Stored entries
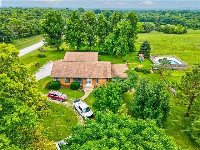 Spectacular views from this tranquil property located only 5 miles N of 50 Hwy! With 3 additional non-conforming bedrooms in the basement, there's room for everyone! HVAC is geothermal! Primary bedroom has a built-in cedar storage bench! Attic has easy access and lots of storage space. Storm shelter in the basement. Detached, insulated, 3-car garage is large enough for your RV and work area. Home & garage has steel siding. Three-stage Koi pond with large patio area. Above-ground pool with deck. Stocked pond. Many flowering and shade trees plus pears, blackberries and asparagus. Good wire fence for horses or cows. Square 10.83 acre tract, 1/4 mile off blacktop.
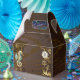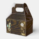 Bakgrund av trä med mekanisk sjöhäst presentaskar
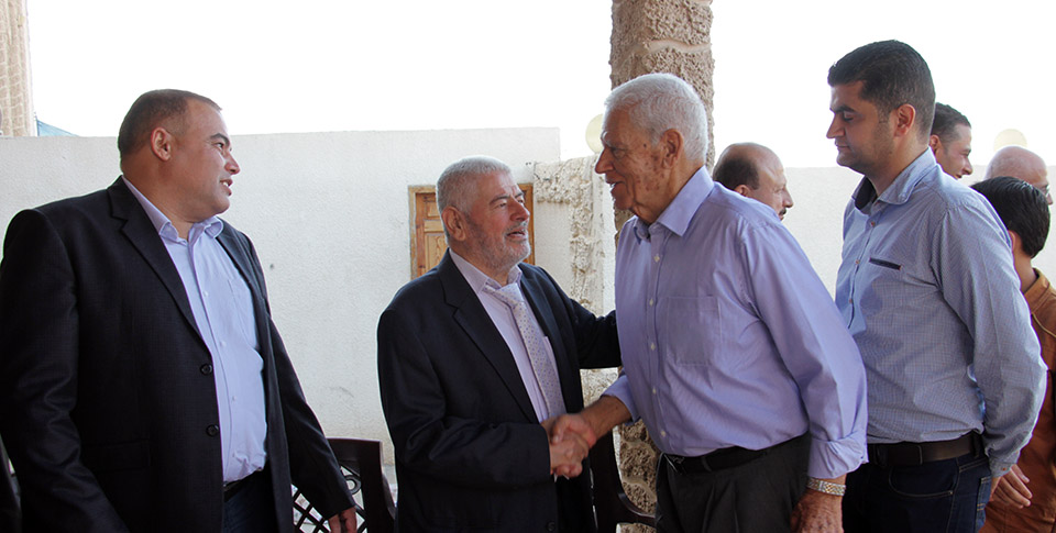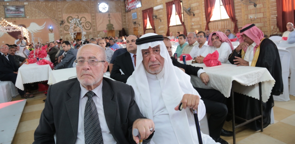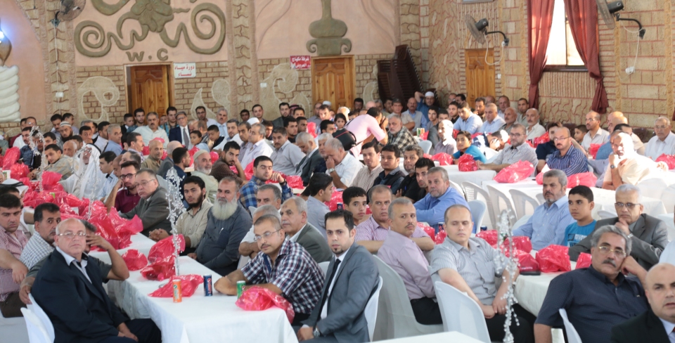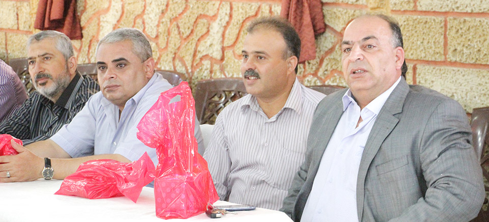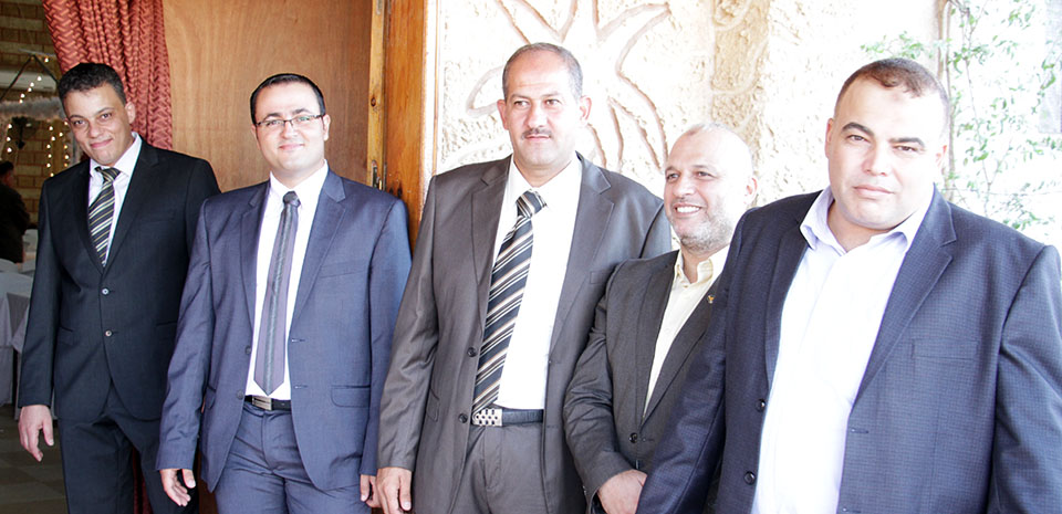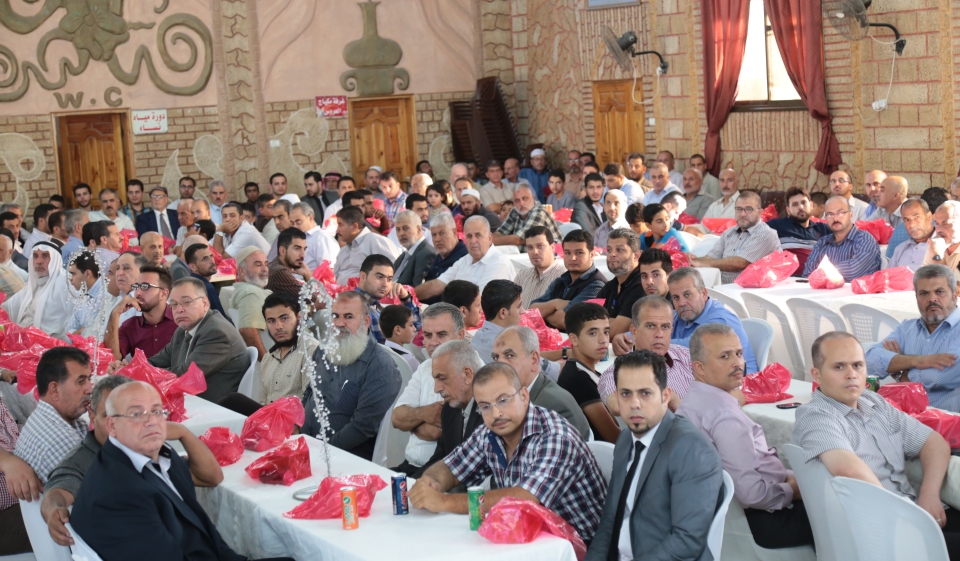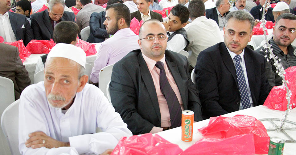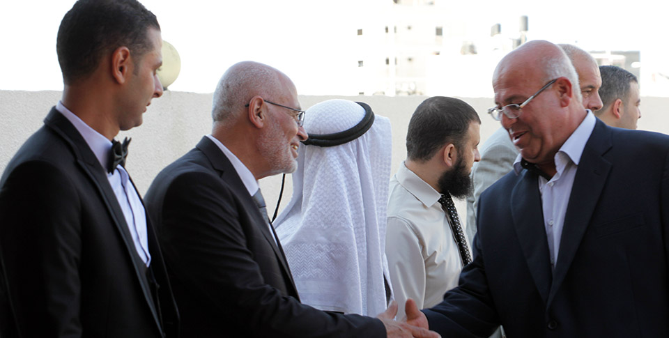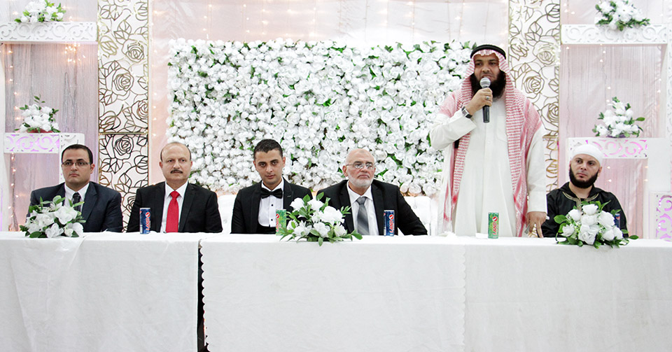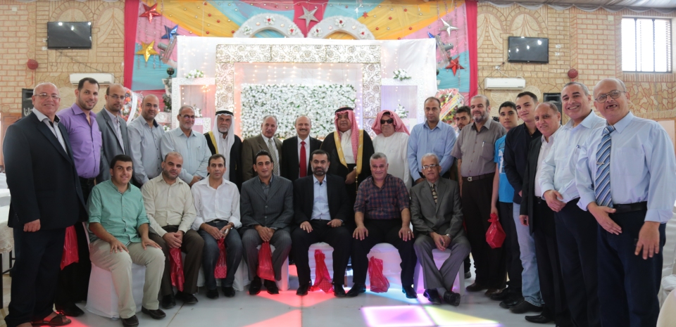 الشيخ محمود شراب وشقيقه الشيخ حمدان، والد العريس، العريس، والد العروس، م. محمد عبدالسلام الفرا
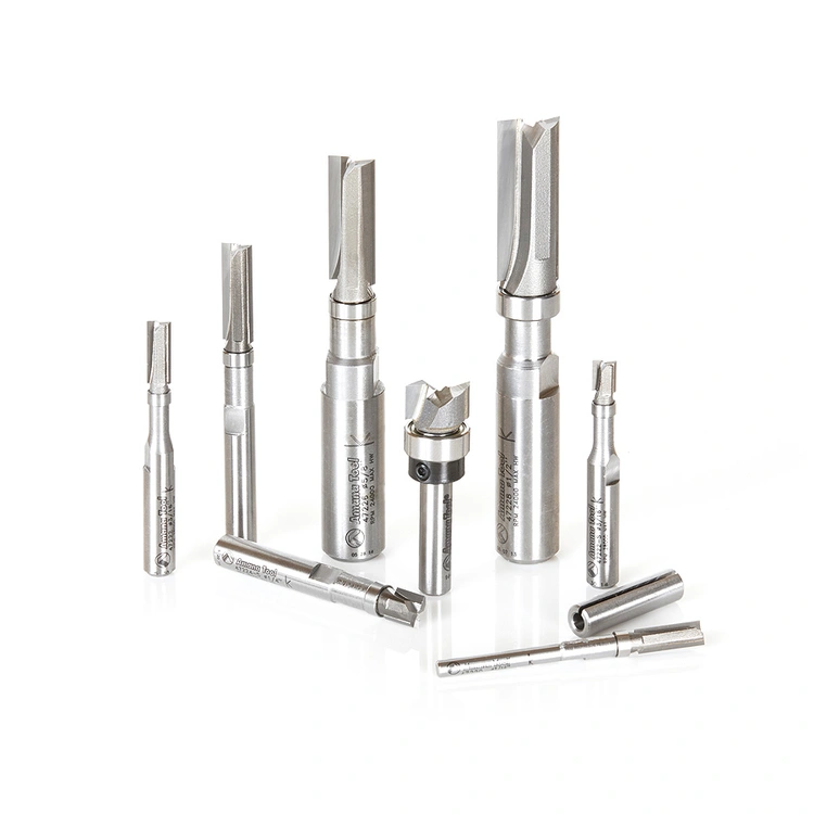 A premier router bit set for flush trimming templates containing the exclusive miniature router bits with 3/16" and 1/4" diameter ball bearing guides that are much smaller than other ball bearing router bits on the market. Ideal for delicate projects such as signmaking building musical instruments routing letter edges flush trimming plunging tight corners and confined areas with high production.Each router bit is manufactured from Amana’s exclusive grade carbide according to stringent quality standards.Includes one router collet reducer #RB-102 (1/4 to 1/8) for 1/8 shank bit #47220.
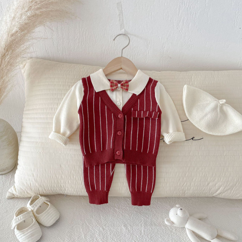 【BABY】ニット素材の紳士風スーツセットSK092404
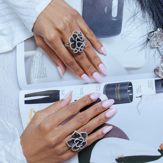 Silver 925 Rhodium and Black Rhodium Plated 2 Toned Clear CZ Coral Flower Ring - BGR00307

:: Problem ::
Retype every entry above exactly and, please, skip the pictures.

:: Answer to the exercise ::
 Spectacular views from this tranquil property located only 5 miles N of 50 Hwy! With 3 additional non-conforming bedrooms in the basement, there's room for everyone! HVAC is geothermal! Primary bedroom has a built-in cedar storage bench! Attic has easy access and lots of storage space. Storm shelter in the basement. Detached, insulated, 3-car garage is large enough for your RV and work area. Home & garage has steel siding. Three-stage Koi pond with large patio area. Above-ground pool with deck. Stocked pond. Many flowering and shade trees plus pears, blackberries and asparagus. Good wire fence for horses or cows. Square 10.83 acre tract, 1/4 mile off blacktop.
 Bakgrund av trä med mekanisk sjöhäst presentaskar
 الشيخ محمود شراب وشقيقه الشيخ حمدان، والد العريس، العريس، والد العروس، م. محمد عبدالسلام الفرا
 A premier router bit set for flush trimming templates containing the exclusive miniature router bits with 3/16" and 1/4" diameter ball bearing guides that are much smaller than other ball bearing router bits on the market. Ideal for delicate projects such as signmaking building musical instruments routing letter edges flush trimming plunging tight corners and confined areas with high production.Each router bit is manufactured from Amana’s exclusive grade carbide according to stringent quality standards.Includes one router collet reducer #RB-102 (1/4 to 1/8) for 1/8 shank bit #47220.
 【BABY】ニット素材の紳士風スーツセットSK092404
 Silver 925 Rhodium and Black Rhodium Plated 2 Toned Clear CZ Coral Flower Ring - BGR00307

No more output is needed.